Burkina – Salif Diallo : « Nous n’avons pas mené de chasse aux sorcières »

Réservé aux abonnés | | Par - à Ouagadougou
Mis à jour le 08 juin 2016 à 17h24
Salif Diallo, à Ouagadougou, le 5 juillet 2015.

Salif Diallo, à Ouagadougou, le 5 juillet 2015. © AFP / AHMED OUOBA

Nouvelle Constitution, milices koglweogo, Blaise Compaoré… Le président de l’Assemblée nationale – et du parti au pouvoir – fait le point sur les dossiers brûlants.

Juriste de formation et longtemps éminence grise de Blaise Compaoré, jusqu’à ce qu’il devienne dissident et qu’il démissionne, début janvier 2014, du Congrès pour la démocratie et le progrès (CDP), Salif Diallo, 59 ans, est l’un des membres du trio fondateur du Mouvement du peuple pour le progrès (MPP), avec Roch Marc Christian Kaboré et Simon Compaoré, désormais ministre de l’Administration territoriale et de la Sécurité.

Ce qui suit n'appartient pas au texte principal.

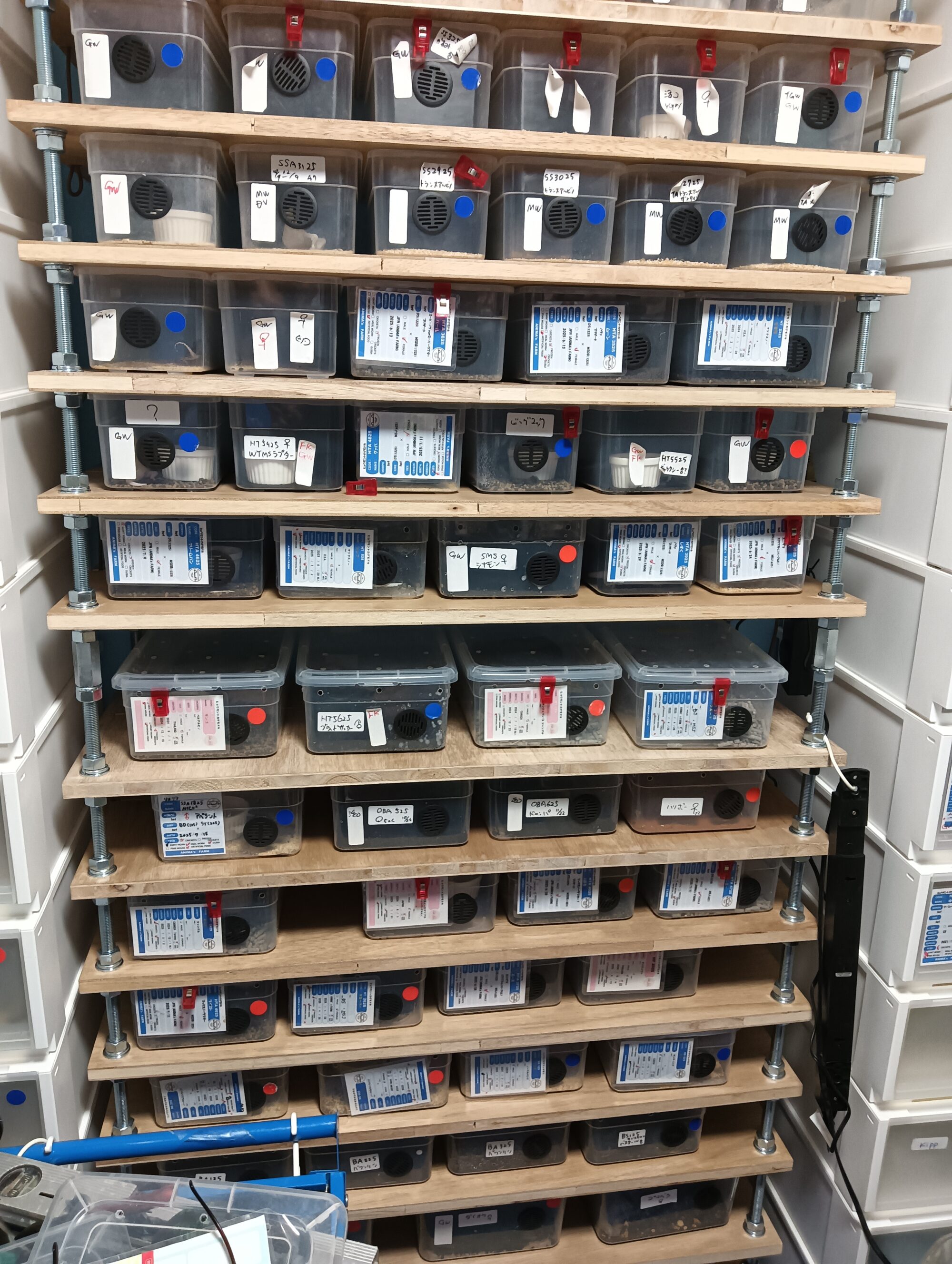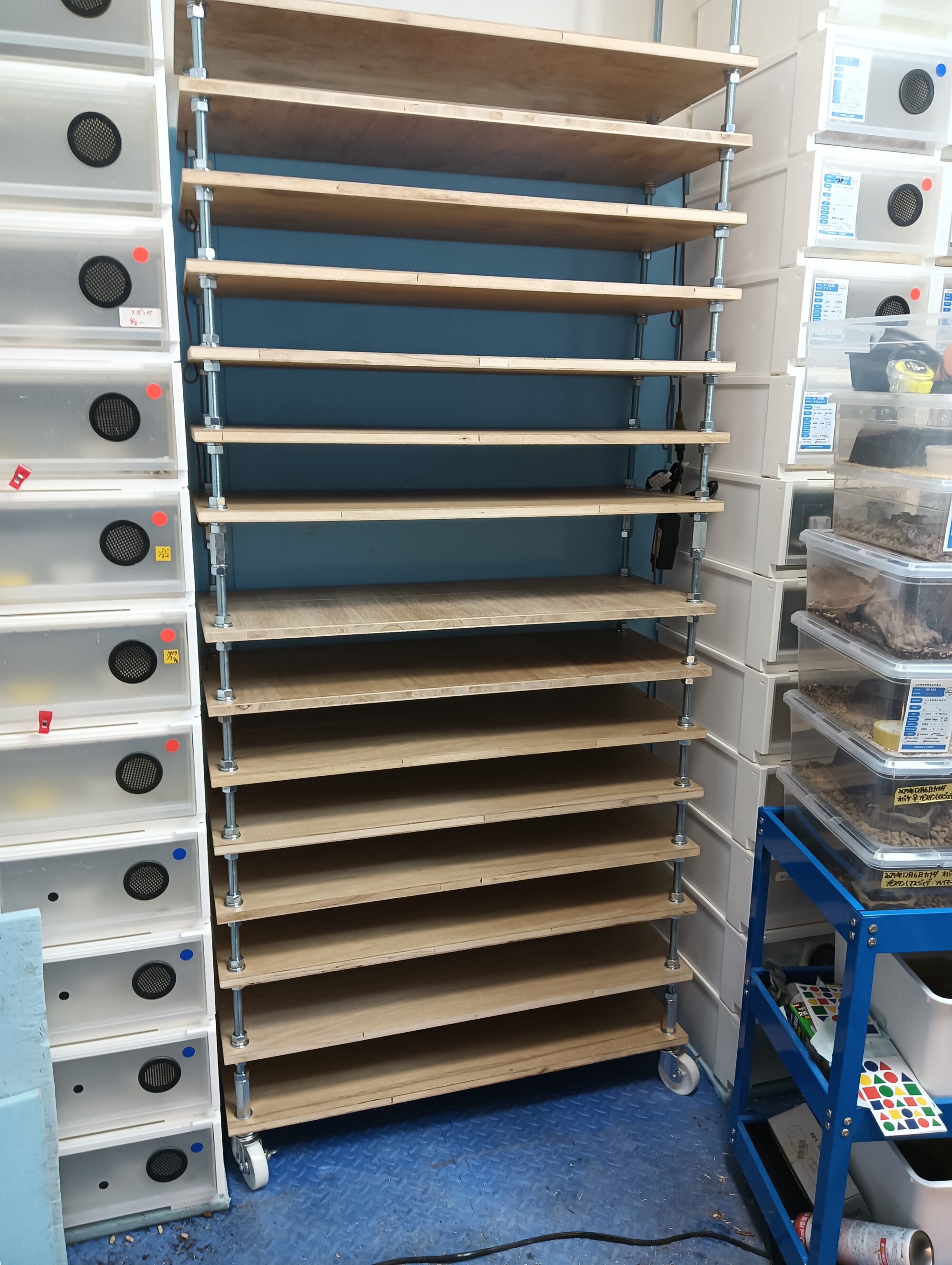 この他に従前からの 衣装ケース改造のものを100個位つかいますが このタイプの ブリーダーズラックは 小さい個体などにはかなり使いやすいので ベビーが孵るシーズンにはいれば もう一基作ってみようと思います。

Élu président de l’Assemblée nationale le 30 décembre 2015, au lendemain de l’investiture de Roch Kaboré, Salif Diallo est l’un des hommes clés du nouveau régime : il est le deuxième personnage de l’État, il assure l’intérim de la présidence du MPP et il est incontournable sur les questions de politique intérieure… Au point que certains le considèrent comme le «vice-président» du Faso.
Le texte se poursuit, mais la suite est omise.